NEW YORK – AstraZeneca and Daiichi Sankyo on Monday said the US Food and Drug Administration has accepted their supplemental biologics application for trastuzumab deruxtecan (Enhertu; T-DXd) as a treatment for advanced HER2-positive breast cancer patients after prior HER2-targeted treatment.
The agency will review the application in an expedited manner under the priority review and real-time oncology review frameworks and issue a decision during the second quarter of 2022.
The companies submitted data from the DESTINY-Breast03 trial in which investigators pitted Daiichi Sankyo and AstraZeneca's antibody-drug conjugate against Genentech's trastuzumab emtansine (Kadcyla; T-DM1).
Researchers presented results from this study at the European Society for Medical Oncology's meeting in September and reported that T-DXd reduced patients' risk of disease progression or death by 72 percent compared to T-DM1. More than 94 percent of T-DXd-treated patients were alive at one year, versus 85.9 percent of T-DM1-treated patients. The objective response rates were 79.7 percent and 34.2 percent, respectively, in the T-DXd and T-DM1 treatment arms.
T-DXd is already approved in the US for HER2-positive advanced breast cancer patients who have received two or more HER2-targeted treatment regimens.

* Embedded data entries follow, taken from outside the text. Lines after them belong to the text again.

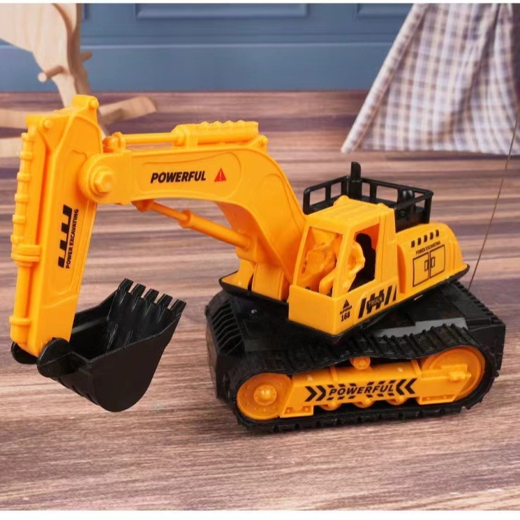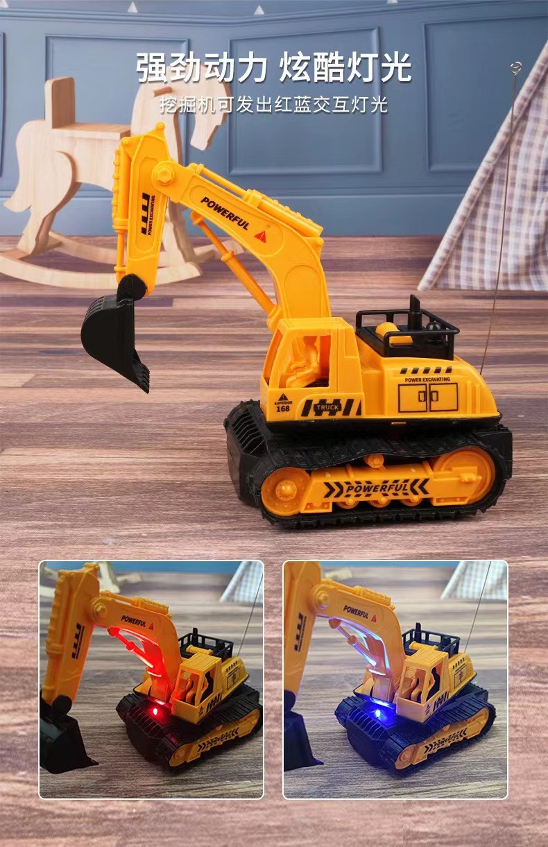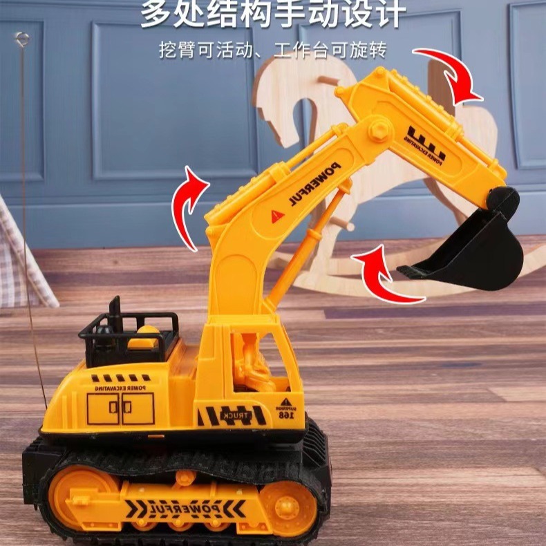 男孩玩具二通遥控挖掘机工程车玩具电动遥控挖土耐摔儿童玩具地摊
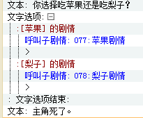 “主角吃了梨子,然后……梨子有毒!主角死了。”
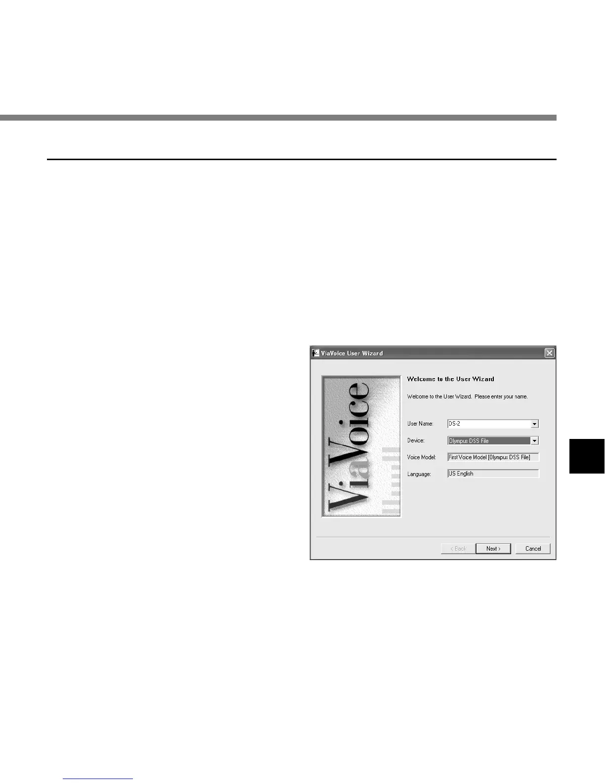 The ViaVoice User Wizard window

If the FDA approves this new application, it would allow oncologists to prescribe T-DXd in earlier treatment lines.
According to a statement from Ken Takeshita, Daiichi Sankyo's global head of R&D, this is the first time a drug application will have undergone both priority review and real-time oncology review simultaneously.
"The FDA's prioritization of our application underscores the potential of this medicine and the continued need to expedite the availability of new treatment options, while making it possible to potentially receive approvals in several countries concurrently," Takeshita said.